Operating a transition matrix on the "wrong" side. In Markov chain theory, it is customary to denote a probability vector as a row vector
$$
x^{(k)}=\begin{bmatrix}p^{(k)}_1 & p^{(k)}_2 & \dots & p^{(k)}_n\end{bmatrix}
$$
and the transition matrix $A=[a_{ij}]_{n\times n}$, where $a_{ij}=\Bbb P(x^{(k+1)}=j|x^{(k)}=i)$.
With this convention it follows that 
$$
x^{(k+1)}=x^{(k)}A,
$$
i.e. we need to operate the matrix on the right, which is different that other discipline which prefer to operate a linear transformation on the left.
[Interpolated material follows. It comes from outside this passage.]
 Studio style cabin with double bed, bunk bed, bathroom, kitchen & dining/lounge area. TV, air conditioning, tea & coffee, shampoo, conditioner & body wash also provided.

Here's my question:

What does operating a transition matrix on the left signify?

What I mean is that let $A$ be a transition matrix in the above sense but now for any column vector $y$, we operate $A$ on the left to get $Ay$. Is there anything interesting we can say about $Ay$?
For example, since $A$ is a transition matrix we know that $\sum_{j=1}^n A_{ij} =1$, thus
$$
A\begin{bmatrix}1 \\ 1 \\ \vdots \\ 1\end{bmatrix}=\begin{bmatrix}1 \\ 1 \\ \vdots \\ 1\end{bmatrix}
$$
so $A$ has $1$ as an eigenvalue, with $\begin{bmatrix}1 & 1 & \dots & 1\end{bmatrix}^T$ as its eigenvector. 
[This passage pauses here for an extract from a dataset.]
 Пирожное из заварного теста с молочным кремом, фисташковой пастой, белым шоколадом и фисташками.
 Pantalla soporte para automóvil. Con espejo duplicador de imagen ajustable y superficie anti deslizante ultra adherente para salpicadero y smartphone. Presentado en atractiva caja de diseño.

In the same spirit, is there any special property when viewing $A$ as a bilinear form
  $$
\langle Ay,x\rangle = x^TAy
$$
  where $x,y$ are column vectors?

 A: Suppose $(X_k)$ is a Markov chain on $n$ states with initial state $i$ and transition probabilities given by $A$. Then for any $y\in\mathbb R^n$,
$$E(y_{X_k})=(A^ky)_i$$
In particular, $E(y_{X_1})=(Ay)_i$. 
This is best understood when considering $y$ as a function of the state space, so $y_{X_1}$ can be thought of as a test statistic of the Markov chain. With this perspective, it is hardly surprising that $[1\,1\,\ldots\,1]^T$ is a $1$-eigenvector; it corresponds to the constant function $1$, which obviously has mean $1$ regardless of initial state.
As for the bilinear form, in a similar fashion we have that
$$x^TAy=E(y_{X_1})$$
where $(X_k)$ is still a Markov chain with transition probabilities $A$, but now the distribution of the initial state is $x^T$ (i.e. $P(X_0=i)=x_i$). This is again a very natural quantity to consider, although it is usually sufficient to consider Markov chains with a specific initial state.
Note: I'm not sure how much advanced math you know, so feel free to disregard anything below this point!
It might seem like operating on probability vectors is a more natural thing to do, and so one might wonder why we don't simply flip our definition of stochastic matrices and have things the other way around. The reason becomes clear when you stop assuming a finite state space. If you have a Markov chain $(X_k)$ on a (topological) state space $S$ with transition kernel $\Pi=(\pi(x,\cdot))_{x\in S}$, then it is natural to consider
$$Pf(x):=\int f(y)\pi(x,dy)=E^x(f(X_1))$$
for bounded Borel functions $f$, where $E^x$ denotes expectation with respect to the chain started at $x$. This corresponds exactly to $Ay$ if $|S|<\infty$. If $S$ is locally compact and Hausdorff regular, then we are particularly interested in the case where $Pf\in C_0(S)$ for $f\in C_0(S)$, where $C_0(S)$ is the space of continuous functions which are zero at infinity. Tthe dual operator $P'$ acts on probability distributions (or more generally, finite signed Radon measures) via
$$\langle P'\mu,f\rangle=\langle\mu,Pf\rangle=\int Pf(x)\mu(dx).$$
In the case where $|S|<\infty$, $P'\mu$ and $\langle P'\mu,f\rangle$ correspond respectively to $xA$ and $xAy$.